* To do:
Copy everything in the records, character for character, except images.

* Source data:
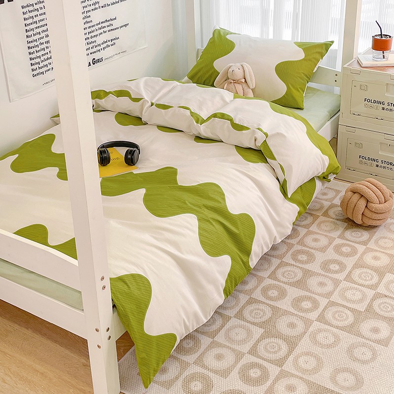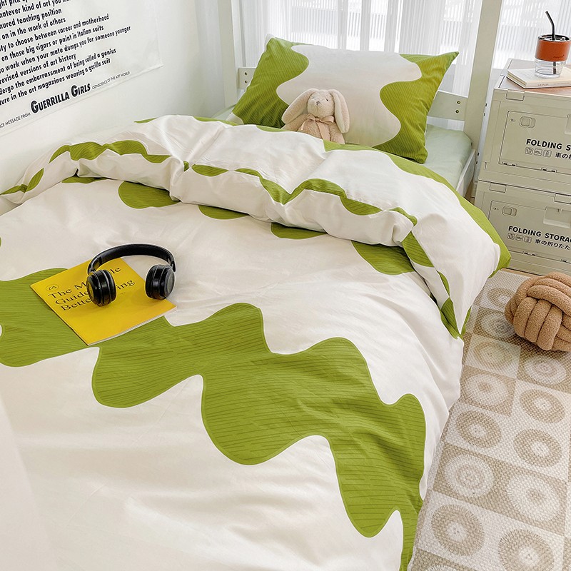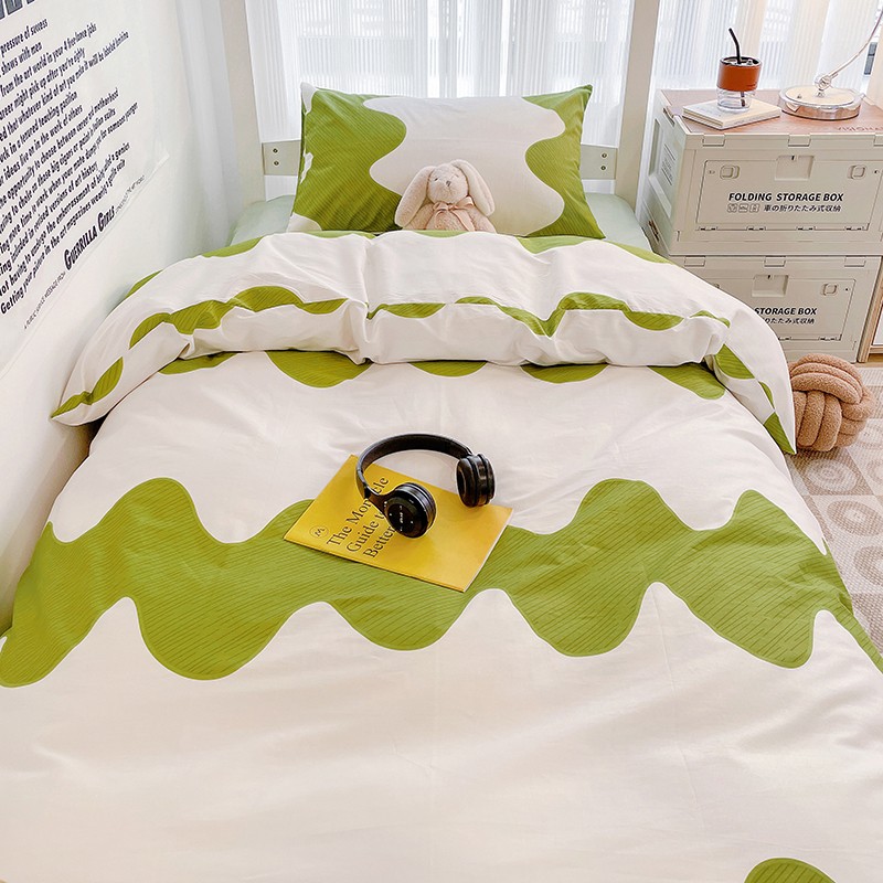 商品名称:昔可 2022新款开学季全棉卡通印花学生三件套 绿波纹
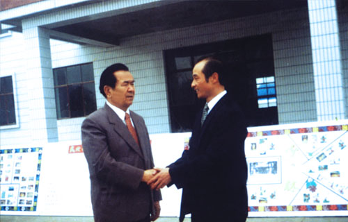 1999年5月18日全国人大副委员长铁木尔·达瓦买提参加365bet国际赌场新校落成典礼活动时与傅彪先生亲切握手。 |
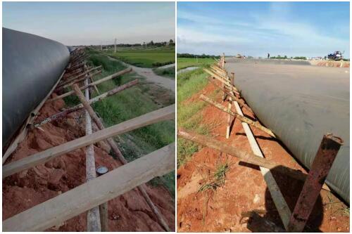 東雷高速公路水載預(yù)壓,是繼蘇埃通道之后的又一高難度路基堆載預(yù)壓,它的難度主要體現(xiàn)在注水的高度要達(dá)到2.5米、卸載的坡度達(dá)到5%,速安人憑借豐富的經(jīng)驗和嫻熟的技術(shù),在水袋施工的各個工作節(jié)點都順利利完成了各項任務(wù)。
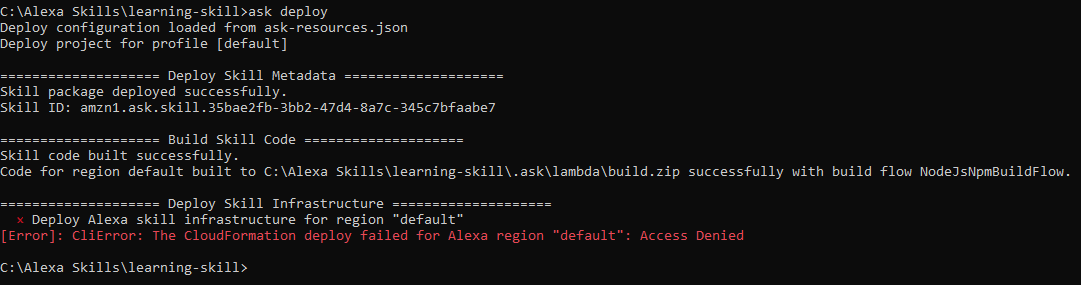 尝试使用ask deploy部署技能,获取[Error]: CliError: The CloudFormation deploy failed for Alexa region "default": Access Denied。
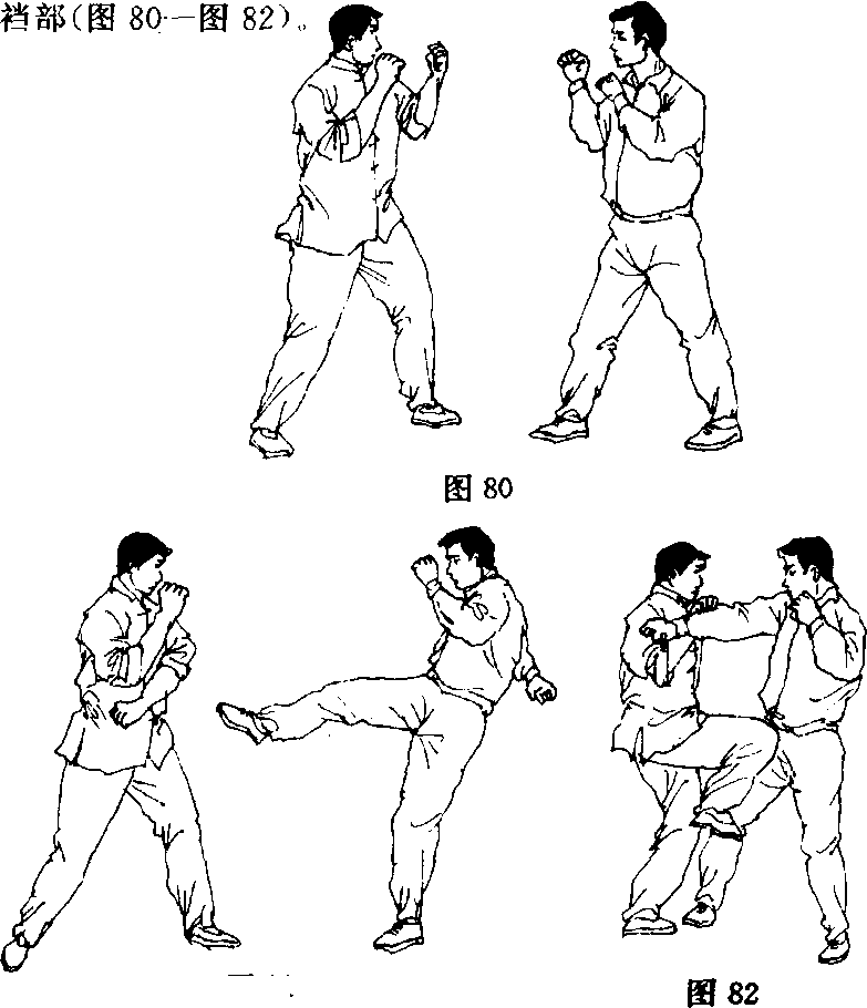【动作说明】实战中,对手前踢攻击时,实践者撤步避开,对手随即直拳猛击,实践者移步同时前手推掌击对手肘部、后膝猛击对手图81【动作要领】撤步要快,移步推掌和后膝猛击的动作要一气呵成°

* Output of the task:
 商品名称:昔可 2022新款开学季全棉卡通印花学生三件套 绿波纹
 1999年5月18日全国人大副委员长铁木尔·达瓦买提参加365bet国际赌场新校落成典礼活动时与傅彪先生亲切握手。 |
 東雷高速公路水載預(yù)壓,是繼蘇埃通道之后的又一高難度路基堆載預(yù)壓,它的難度主要體現(xiàn)在注水的高度要達(dá)到2.5米、卸載的坡度達(dá)到5%,速安人憑借豐富的經(jīng)驗和嫻熟的技術(shù),在水袋施工的各個工作節(jié)點都順利利完成了各項任務(wù)。
 尝试使用ask deploy部署技能,获取[Error]: CliError: The CloudFormation deploy failed for Alexa region "default": Access Denied。
【动作说明】实战中,对手前踢攻击时,实践者撤步避开,对手随即直拳猛击,实践者移步同时前手推掌击对手肘部、后膝猛击对手图81【动作要领】撤步要快,移步推掌和后膝猛击的动作要一气呵成°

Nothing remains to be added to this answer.